=== Problem requirements ===
Quote every line below exactly and skip any picture.

=== Data section ===

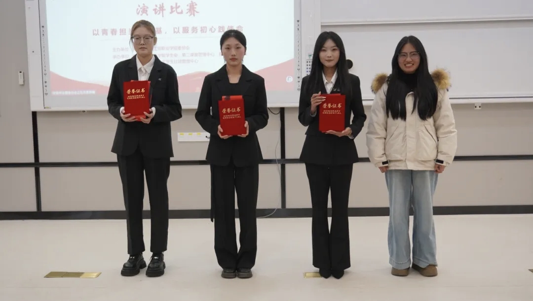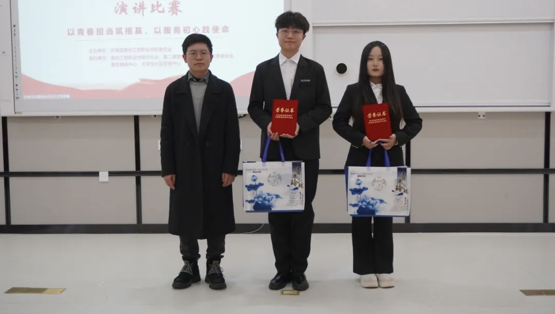 随后,评委们从演讲内容、语言表达、现场效果等方面对选手进行了综合提问与考评。经过激烈角逐,最终评选出一等奖2名、二等奖3名、三等奖4名及7名优秀奖。
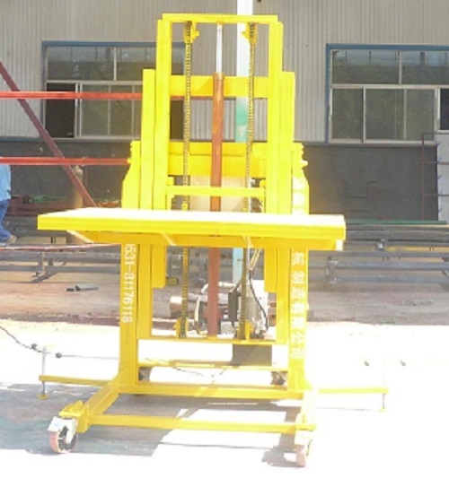 移动叉车式升降机其工作原理是通过动力源将液压油打入油缸使其拉动链条带动台面上升的一种液压升降设备。产品的台面1.5*2米,净升高度3.5米,载重1500公斤。主体自身高度1.5米。台面自身高度0.2米。升降动力采用,手动液压升降动力和三相电源动力。
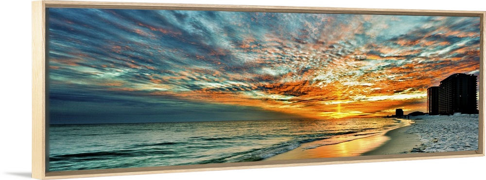 <p>A magnificent red skyscape in this panoramic sunset. Landscape taken on Navarre Beach, Florida.</p>

===

=== Result for this task ===
 随后,评委们从演讲内容、语言表达、现场效果等方面对选手进行了综合提问与考评。经过激烈角逐,最终评选出一等奖2名、二等奖3名、三等奖4名及7名优秀奖。
 移动叉车式升降机其工作原理是通过动力源将液压油打入油缸使其拉动链条带动台面上升的一种液压升降设备。产品的台面1.5*2米,净升高度3.5米,载重1500公斤。主体自身高度1.5米。台面自身高度0.2米。升降动力采用,手动液压升降动力和三相电源动力。
 <p>A magnificent red skyscape in this panoramic sunset. Landscape taken on Navarre Beach, Florida.</p>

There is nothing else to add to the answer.